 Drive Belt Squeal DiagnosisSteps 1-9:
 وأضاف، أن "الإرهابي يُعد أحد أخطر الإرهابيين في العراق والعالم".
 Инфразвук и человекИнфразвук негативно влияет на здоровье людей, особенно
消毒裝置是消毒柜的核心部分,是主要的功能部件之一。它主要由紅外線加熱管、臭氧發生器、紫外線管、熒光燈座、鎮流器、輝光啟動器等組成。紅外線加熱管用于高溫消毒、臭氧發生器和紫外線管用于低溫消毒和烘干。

==

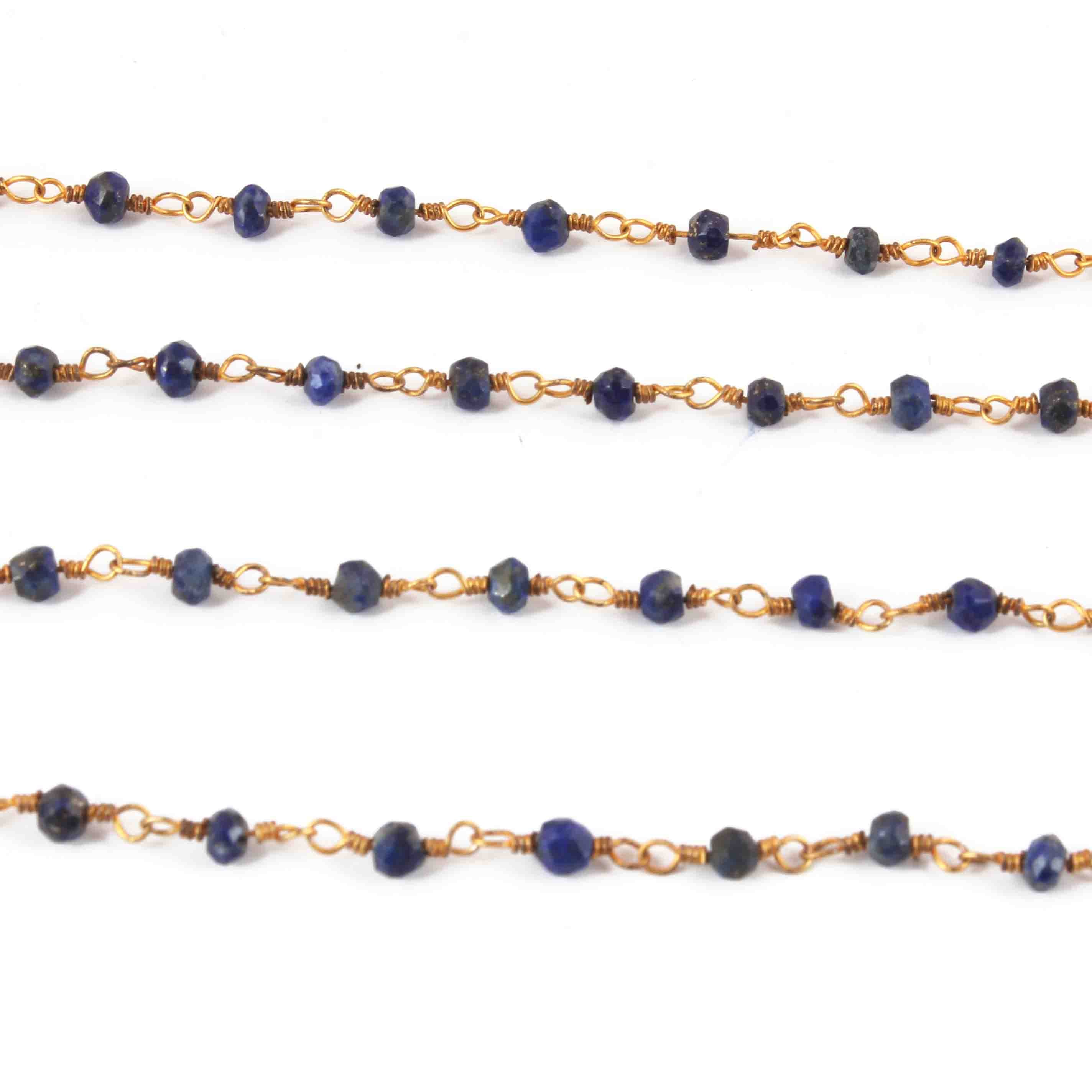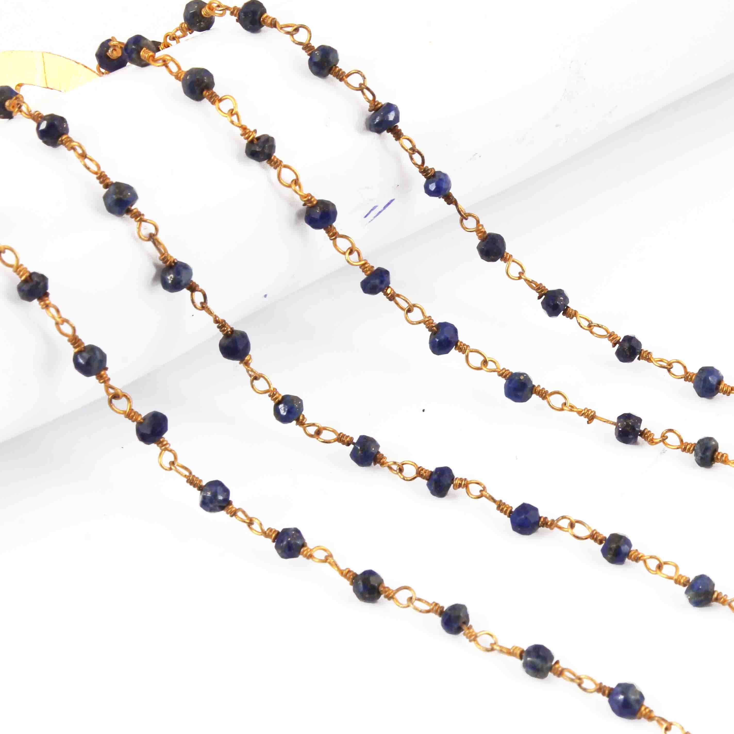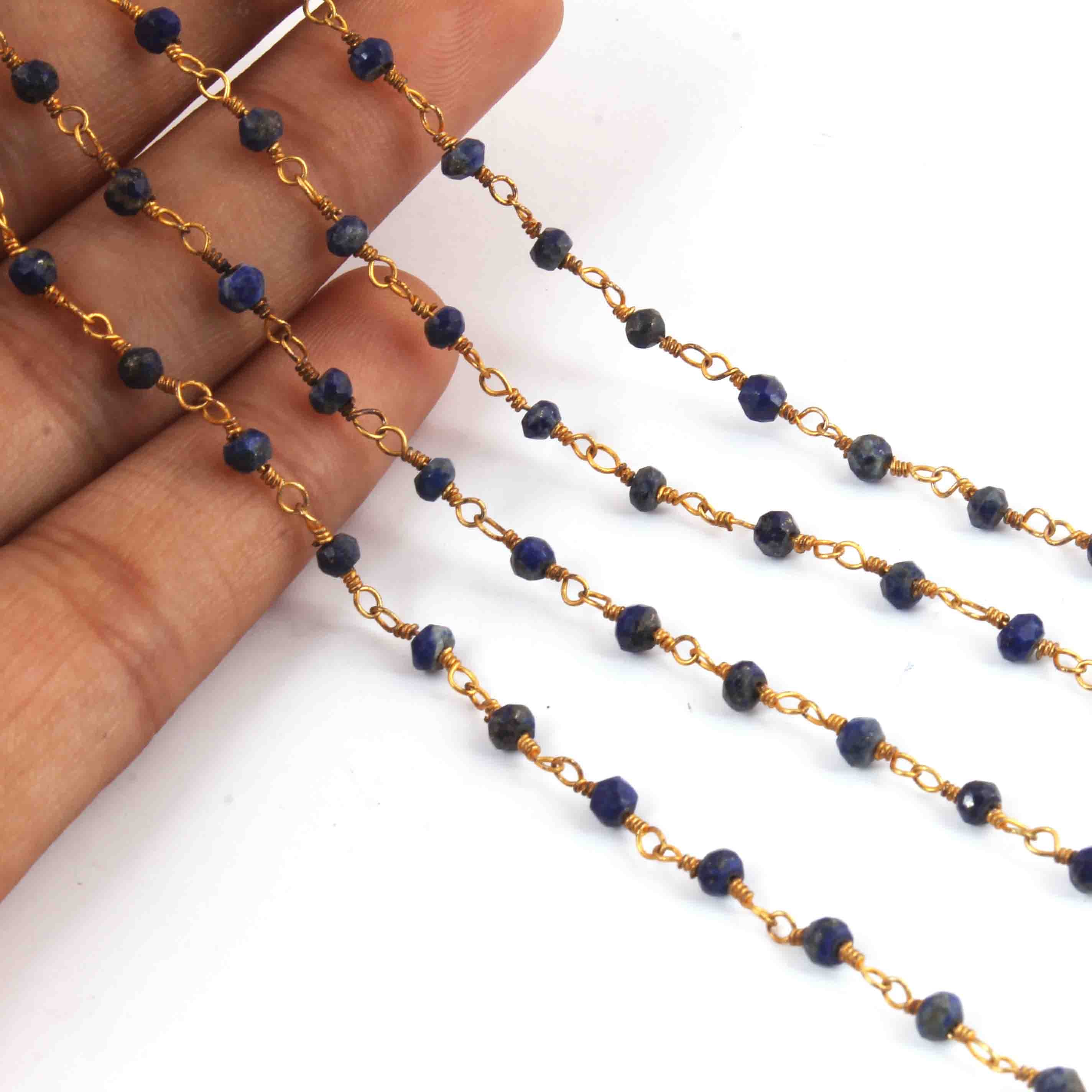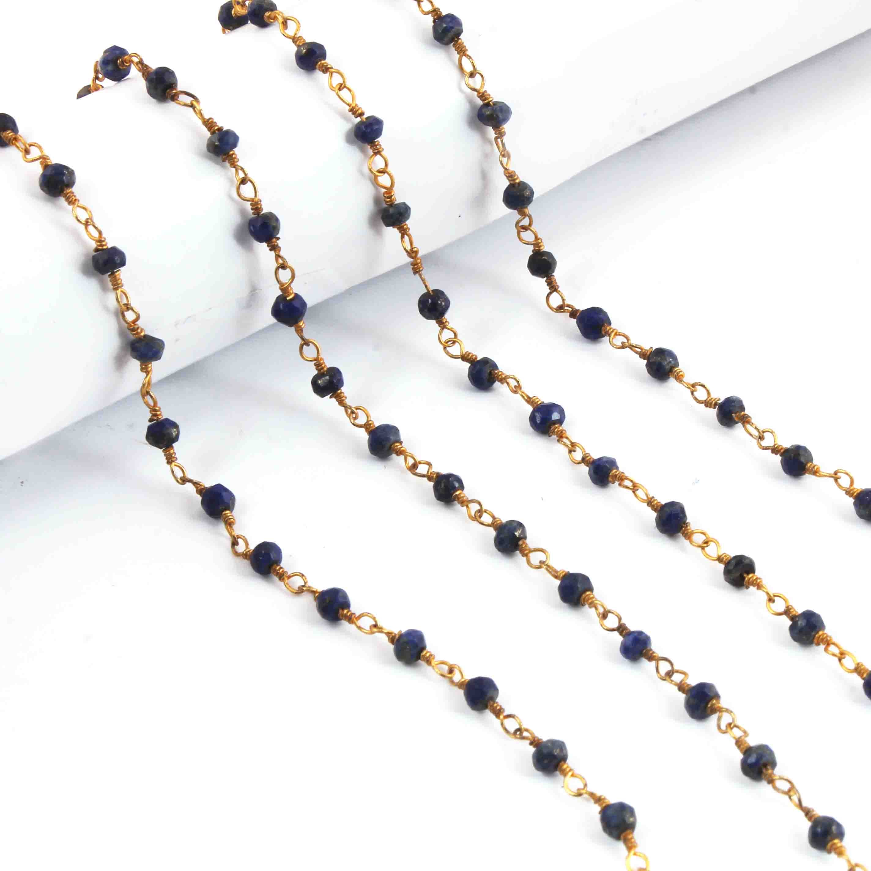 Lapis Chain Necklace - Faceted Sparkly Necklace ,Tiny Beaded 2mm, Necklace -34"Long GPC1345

...

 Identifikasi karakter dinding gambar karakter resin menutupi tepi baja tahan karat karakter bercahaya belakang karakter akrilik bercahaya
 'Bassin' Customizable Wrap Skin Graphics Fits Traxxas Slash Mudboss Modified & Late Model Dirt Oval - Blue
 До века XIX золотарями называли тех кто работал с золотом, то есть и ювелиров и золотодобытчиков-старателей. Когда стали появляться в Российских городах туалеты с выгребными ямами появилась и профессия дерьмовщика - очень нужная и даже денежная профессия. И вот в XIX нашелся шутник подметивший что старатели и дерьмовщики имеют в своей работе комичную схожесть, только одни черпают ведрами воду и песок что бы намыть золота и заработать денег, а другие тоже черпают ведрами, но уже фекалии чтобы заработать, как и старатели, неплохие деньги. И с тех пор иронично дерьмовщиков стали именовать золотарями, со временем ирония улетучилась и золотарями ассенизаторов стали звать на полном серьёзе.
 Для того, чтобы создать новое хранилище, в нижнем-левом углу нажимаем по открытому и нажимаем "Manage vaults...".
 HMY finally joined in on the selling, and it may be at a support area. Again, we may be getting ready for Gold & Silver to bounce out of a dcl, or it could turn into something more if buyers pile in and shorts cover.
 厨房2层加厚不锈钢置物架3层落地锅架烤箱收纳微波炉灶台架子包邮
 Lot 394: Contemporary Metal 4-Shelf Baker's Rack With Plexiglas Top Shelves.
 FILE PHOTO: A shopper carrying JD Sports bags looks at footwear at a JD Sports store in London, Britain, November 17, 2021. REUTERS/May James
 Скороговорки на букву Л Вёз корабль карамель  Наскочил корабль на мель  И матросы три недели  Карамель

Task description:
Lines that contain the string "чтобы" should be copied from the material above.

Solution below:
 До века XIX золотарями называли тех кто работал с золотом, то есть и ювелиров и золотодобытчиков-старателей. Когда стали появляться в Российских городах туалеты с выгребными ямами появилась и профессия дерьмовщика - очень нужная и даже денежная профессия. И вот в XIX нашелся шутник подметивший что старатели и дерьмовщики имеют в своей работе комичную схожесть, только одни черпают ведрами воду и песок что бы намыть золота и заработать денег, а другие тоже черпают ведрами, но уже фекалии чтобы заработать, как и старатели, неплохие деньги. И с тех пор иронично дерьмовщиков стали именовать золотарями, со временем ирония улетучилась и золотарями ассенизаторов стали звать на полном серьёзе.
 Для того, чтобы создать новое хранилище, в нижнем-левом углу нажимаем по открытому и нажимаем "Manage vaults...".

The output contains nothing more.